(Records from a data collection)

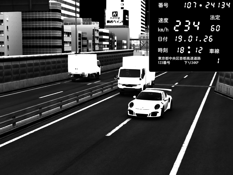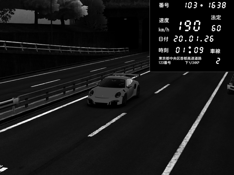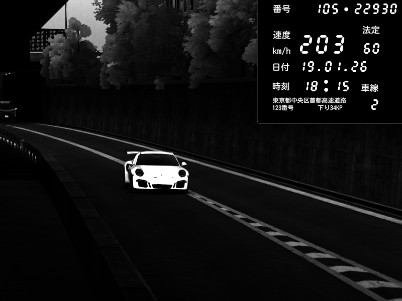 | 2026/01/19 05:42 | C1内回り 京橋 | 109 / 60 km/h | DonChacho | Porsche 911 GT3 RS | CAPTURE |
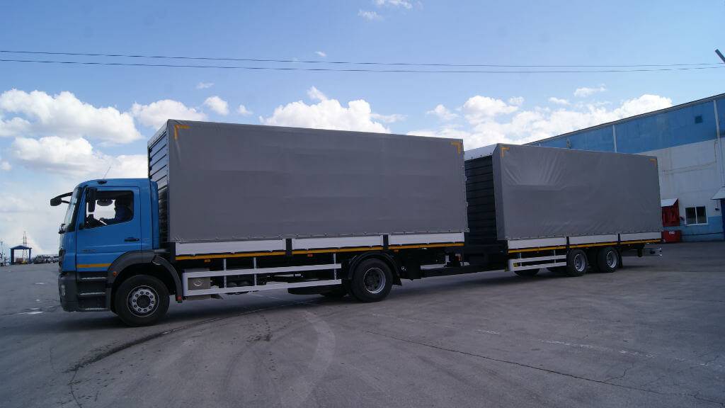 Тент монтируется на специальном каркасе, высота которого зависит от конкретной модификации. По желанию заказчика могут меняться и большинство других параметров. Самый предпочтительный вариант – высокий шторно-бортовой полуприцеп. Он оказывается более вместительным, повышается сохранность перевозимого груза.
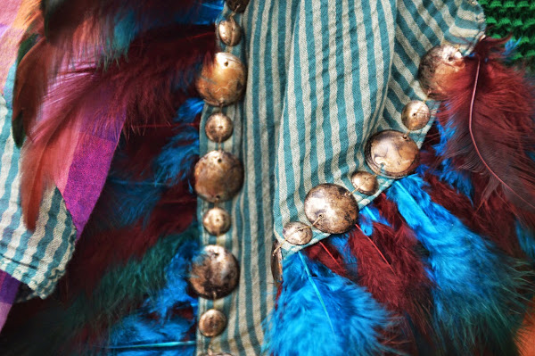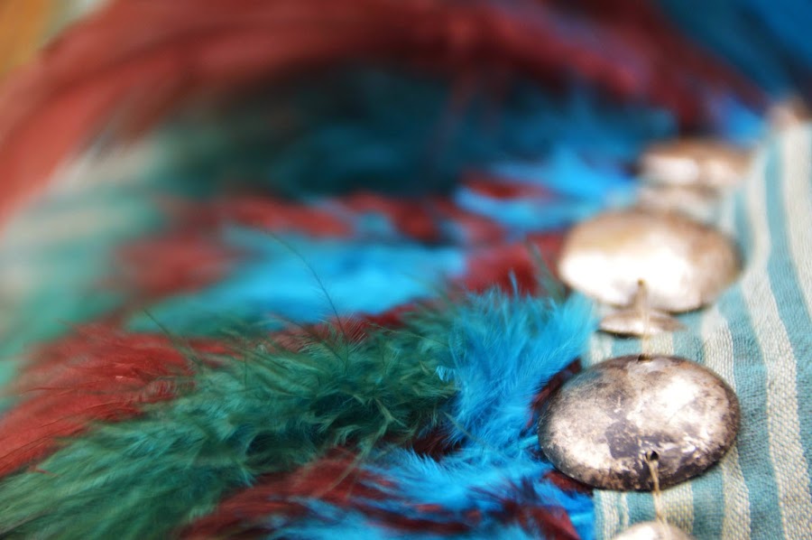 Fuchsia jeans: Easy Wear / Sweater: Sfera / Heels & Feathered scarf: Zara / Bag: Vintage
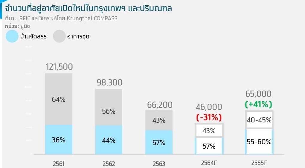 ทั้งนี้ คาดว่ายูนิตที่อยู่อาศัยเปิดใหม่ในปี 2565 จะอยู่ที่ 65,000 ยูนิต ปรับตัวสูงขึ้น 41% จากปี 2564 โดยส่วนใหญ่กว่า 55-60% ของยูนิตเปิดใหม่ทั้งหมดจะเน้นไปที่บ้านจัดสรรซึ่งสามารถก่อสร้างให้เสร็จภายในปีได้ (บ้านจัดสรรมักมีระยะเวลาก่อสร้างเฉลี่ย 3-6 เดือน) ซึ่งจะทำให้ผู้บริโภคได้รับประโยชน์จากการผ่อนคลายเกณฑ์ LTV ครั้งนี้มากที่สุด
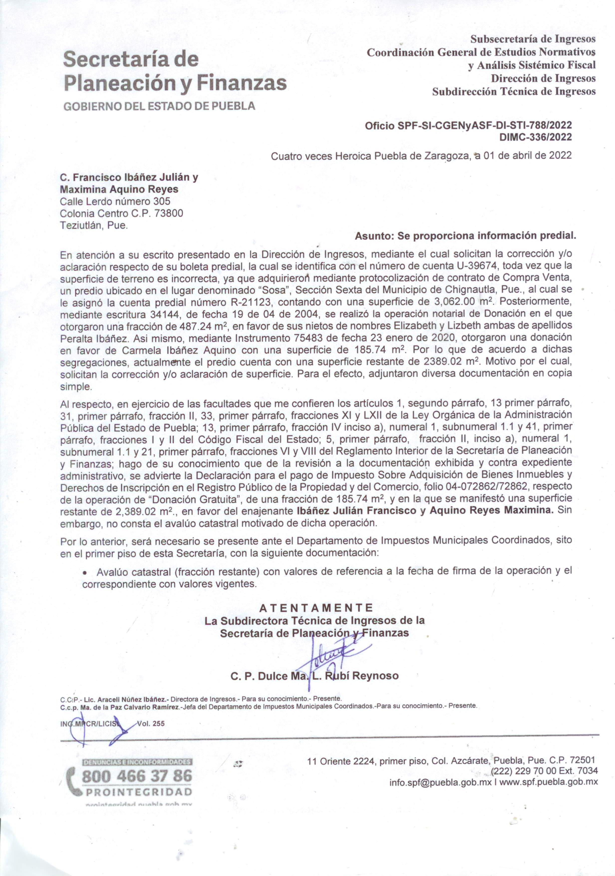 Oficio SPF-SI-CGENyASF-DI-STI-788/2022 DIMC
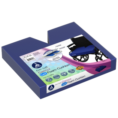 The Dynarex Ever-Soft Gel Foam Coccyx Cushion is a high-density foam wheelchair cushion with an embedded dual-chamber gel-pod designed to help prevent and manage pressure injuries in wheelchair-bound patients. The contoured design reduces pressure from the coccyx, a high impact area prone to pressure wounds.
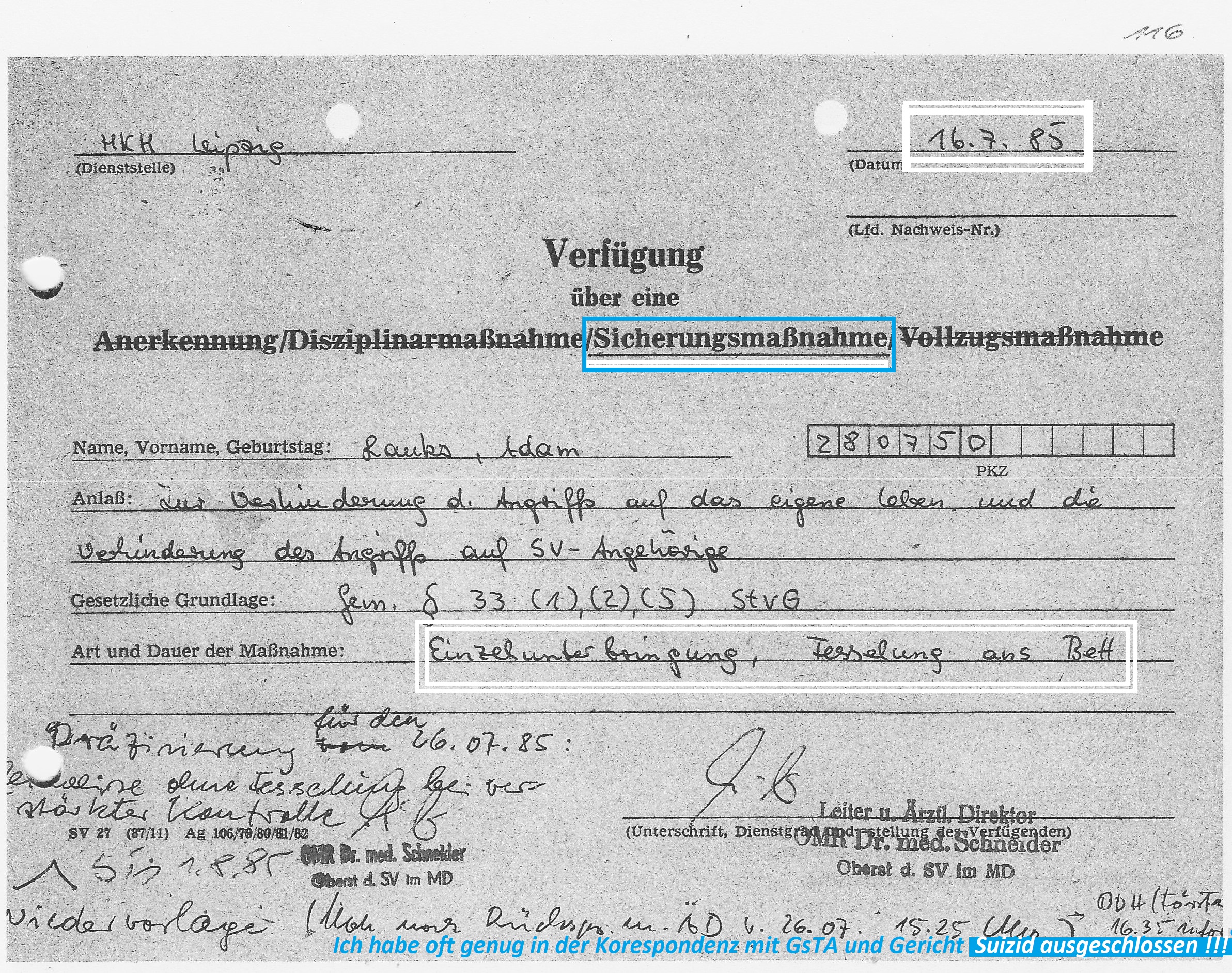 ← „lückenlose medizinische Betreuung nach gegebenen Weisungen und Befehlen des MfS“ wurde zum Operativ Vorgang gegen VH und später SG Adam Lauks alias Staatsfeind der DDR Nr. 1 „Merkur“ in: Berlin Rummelsburg; Leipzig Meusdorf; Dresden; Berlin Buch und Spezielle Strafvollzugsabteilung Waldheim.
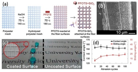 (a) Schematic of the fabrication procedure for the superhydrophobic polyester mesh. First, a polyester mesh undergoes an alkaline treatment with NaOH. Second, PFDTS is reacted on the fiber surfaces using the chemical vapor deposition method. Third, the mesh is treated with SiO2 nanoparticles modified with PFOTS using a spray method; (b) FE-SEM images of the superhydrophobic polyester meshes after 100 cycles of abrasion with a pressure of ~10 kPa. Dashed zone is shows loss of nanoparticle from the fiber surface; (c) Photograph of blue-colored water on the coated polyester mesh surface (left) and a photograph of an uncoated surface on white paper for comparison; (d) Contact angle and sliding angle measurements of the superhydrophobic meshes using aqueous solutions with a pH range of 2–14 [37].
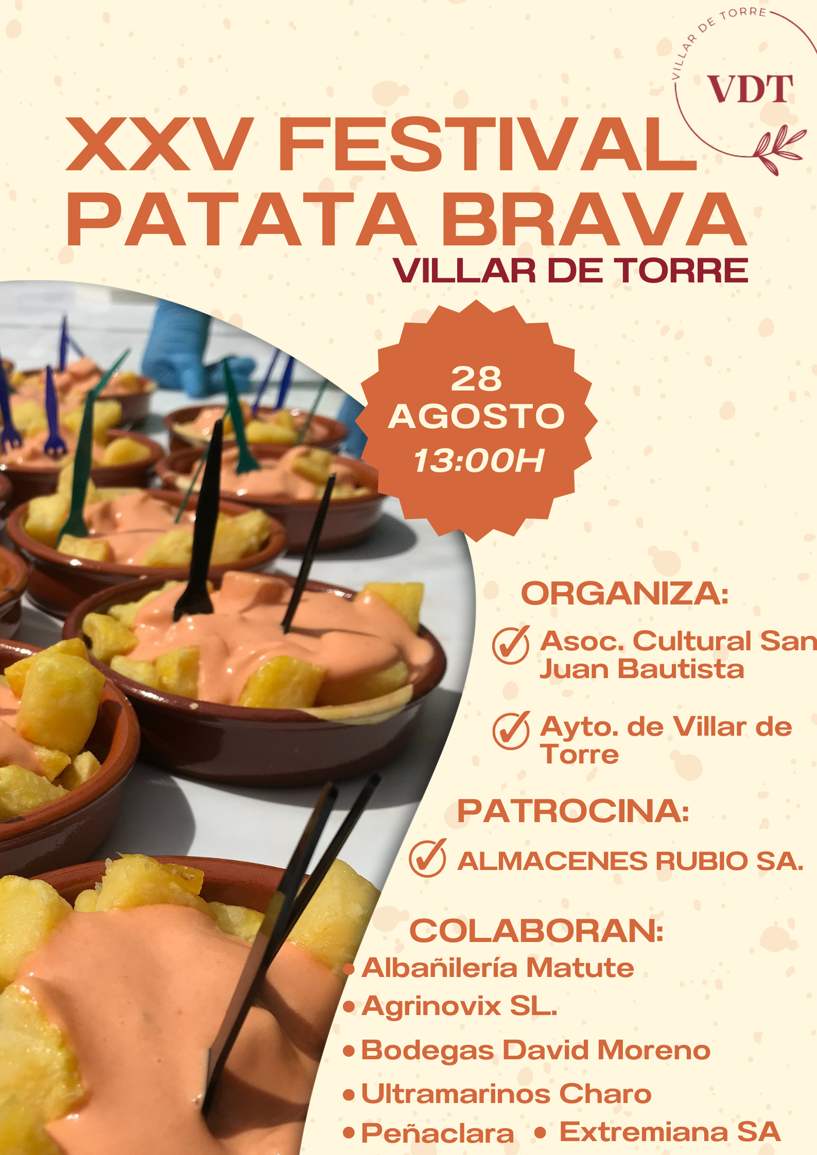 Villar de Torre, celebrará, como preludio a sus fiestas de Acción de Gracias, el XXV Festival de la Patata Brava, convertido en uno de los más atractivos reclamos culinarios del calendario festivo de nuestra tierra.
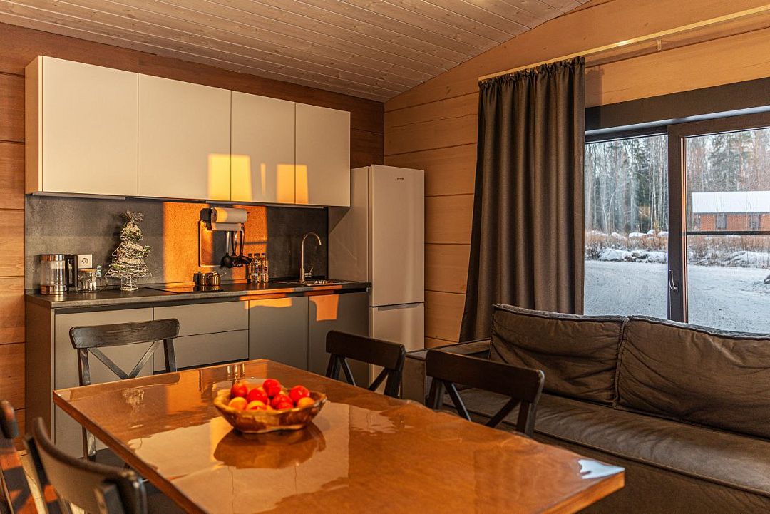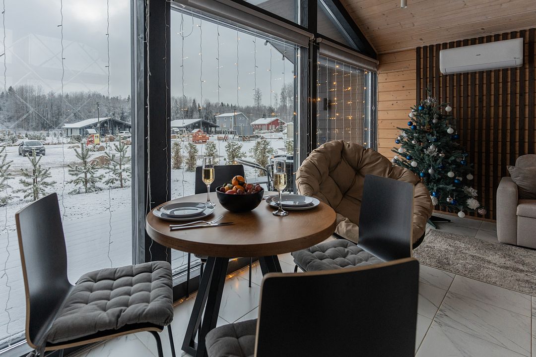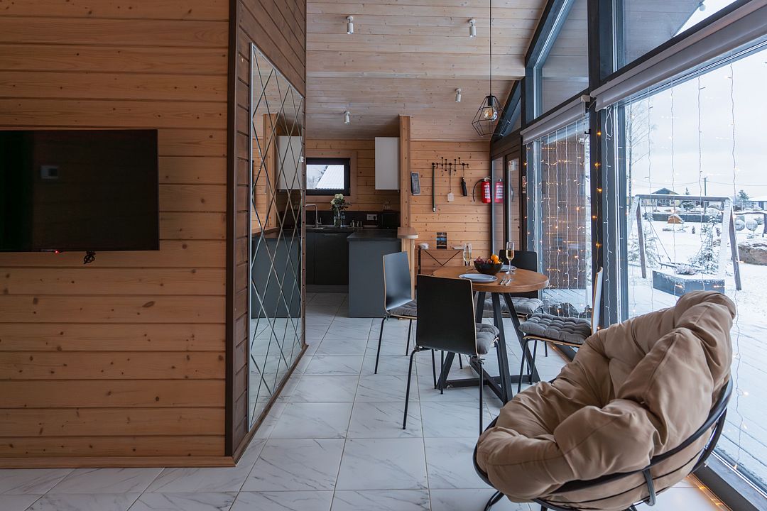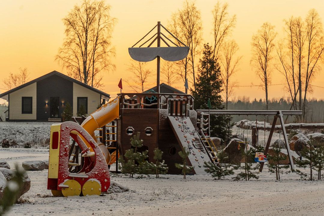 На территории клуба имеется множество вариантов размещения: дома у воды и немного отстоящие от береговой линии. Часть домов и территория все еще находятся на стадии строительства и благоустройства. Все коттеджи были построены в 2023 году, они светлые, уютные, с большими панорамными окнами и просторными террасами. Для каждого дома предусмотрена отдельная мангальная зона.

# [TASK INSTRUCTIONS]
Would you set down every line of the data above exactly, skipping the pictures?

# [SOLUTION FOR THIS TASK]
 | 2026/01/19 05:42 | C1内回り 京橋 | 109 / 60 km/h | DonChacho | Porsche 911 GT3 RS | CAPTURE |
 Тент монтируется на специальном каркасе, высота которого зависит от конкретной модификации. По желанию заказчика могут меняться и большинство других параметров. Самый предпочтительный вариант – высокий шторно-бортовой полуприцеп. Он оказывается более вместительным, повышается сохранность перевозимого груза.
 Fuchsia jeans: Easy Wear / Sweater: Sfera / Heels & Feathered scarf: Zara / Bag: Vintage
 ทั้งนี้ คาดว่ายูนิตที่อยู่อาศัยเปิดใหม่ในปี 2565 จะอยู่ที่ 65,000 ยูนิต ปรับตัวสูงขึ้น 41% จากปี 2564 โดยส่วนใหญ่กว่า 55-60% ของยูนิตเปิดใหม่ทั้งหมดจะเน้นไปที่บ้านจัดสรรซึ่งสามารถก่อสร้างให้เสร็จภายในปีได้ (บ้านจัดสรรมักมีระยะเวลาก่อสร้างเฉลี่ย 3-6 เดือน) ซึ่งจะทำให้ผู้บริโภคได้รับประโยชน์จากการผ่อนคลายเกณฑ์ LTV ครั้งนี้มากที่สุด
 Oficio SPF-SI-CGENyASF-DI-STI-788/2022 DIMC
 The Dynarex Ever-Soft Gel Foam Coccyx Cushion is a high-density foam wheelchair cushion with an embedded dual-chamber gel-pod designed to help prevent and manage pressure injuries in wheelchair-bound patients. The contoured design reduces pressure from the coccyx, a high impact area prone to pressure wounds.
 ← „lückenlose medizinische Betreuung nach gegebenen Weisungen und Befehlen des MfS“ wurde zum Operativ Vorgang gegen VH und später SG Adam Lauks alias Staatsfeind der DDR Nr. 1 „Merkur“ in: Berlin Rummelsburg; Leipzig Meusdorf; Dresden; Berlin Buch und Spezielle Strafvollzugsabteilung Waldheim.
 (a) Schematic of the fabrication procedure for the superhydrophobic polyester mesh. First, a polyester mesh undergoes an alkaline treatment with NaOH. Second, PFDTS is reacted on the fiber surfaces using the chemical vapor deposition method. Third, the mesh is treated with SiO2 nanoparticles modified with PFOTS using a spray method; (b) FE-SEM images of the superhydrophobic polyester meshes after 100 cycles of abrasion with a pressure of ~10 kPa. Dashed zone is shows loss of nanoparticle from the fiber surface; (c) Photograph of blue-colored water on the coated polyester mesh surface (left) and a photograph of an uncoated surface on white paper for comparison; (d) Contact angle and sliding angle measurements of the superhydrophobic meshes using aqueous solutions with a pH range of 2–14 [37].
 Villar de Torre, celebrará, como preludio a sus fiestas de Acción de Gracias, el XXV Festival de la Patata Brava, convertido en uno de los más atractivos reclamos culinarios del calendario festivo de nuestra tierra.
 На территории клуба имеется множество вариантов размещения: дома у воды и немного отстоящие от береговой линии. Часть домов и территория все еще находятся на стадии строительства и благоустройства. Все коттеджи были построены в 2023 году, они светлые, уютные, с большими панорамными окнами и просторными террасами. Для каждого дома предусмотрена отдельная мангальная зона.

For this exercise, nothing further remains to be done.